Information shown:
Content starts

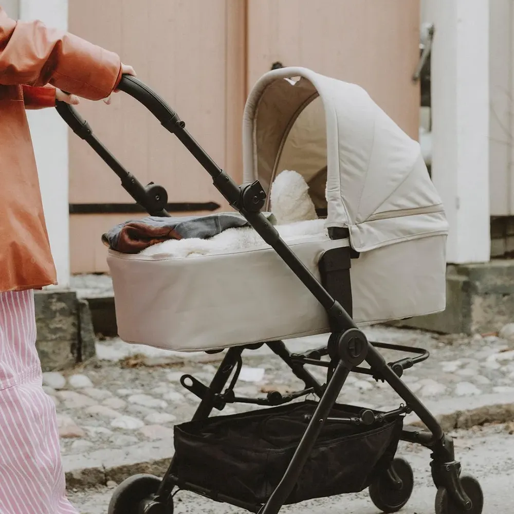 Gör din Elodie MONDO Stroller till den enda barnvagnen du behöver med en separat liggdel. Denna liggdel fästs smidigt och enkelt på vagnens chassi med de medföljande adaptrarna, vilket skapar en mysig och säker plats anpassad för nyfödda bebisar upp till omkring 6 månaders ålder.
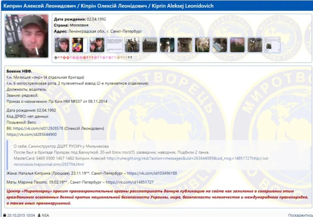"Експрес-осінт покидька, який знімав відоме всім відео з нашими полоненими. Кіпрін Олексій Леонідович 02.04.1992. ІПН 780726406586. Домашня адреса Санкт-Петербург, вул. Тамбасова буд.24 к.1 лит.1 кв.59. Нацист, язичник, воював разом із садистом Мільчаковим у складі ДШРГ "Русич", – йдеться в повідомленні.
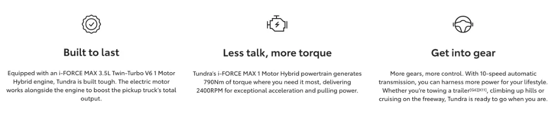 Designed with performance at its core, Tundra’s power, torque and engine ensure you have all the muscle you need.

Content ends

Would you output the listing above verbatim, without its pictures?

Output of the task:
 Gör din Elodie MONDO Stroller till den enda barnvagnen du behöver med en separat liggdel. Denna liggdel fästs smidigt och enkelt på vagnens chassi med de medföljande adaptrarna, vilket skapar en mysig och säker plats anpassad för nyfödda bebisar upp till omkring 6 månaders ålder.
"Експрес-осінт покидька, який знімав відоме всім відео з нашими полоненими. Кіпрін Олексій Леонідович 02.04.1992. ІПН 780726406586. Домашня адреса Санкт-Петербург, вул. Тамбасова буд.24 к.1 лит.1 кв.59. Нацист, язичник, воював разом із садистом Мільчаковим у складі ДШРГ "Русич", – йдеться в повідомленні.
 Designed with performance at its core, Tundra’s power, torque and engine ensure you have all the muscle you need.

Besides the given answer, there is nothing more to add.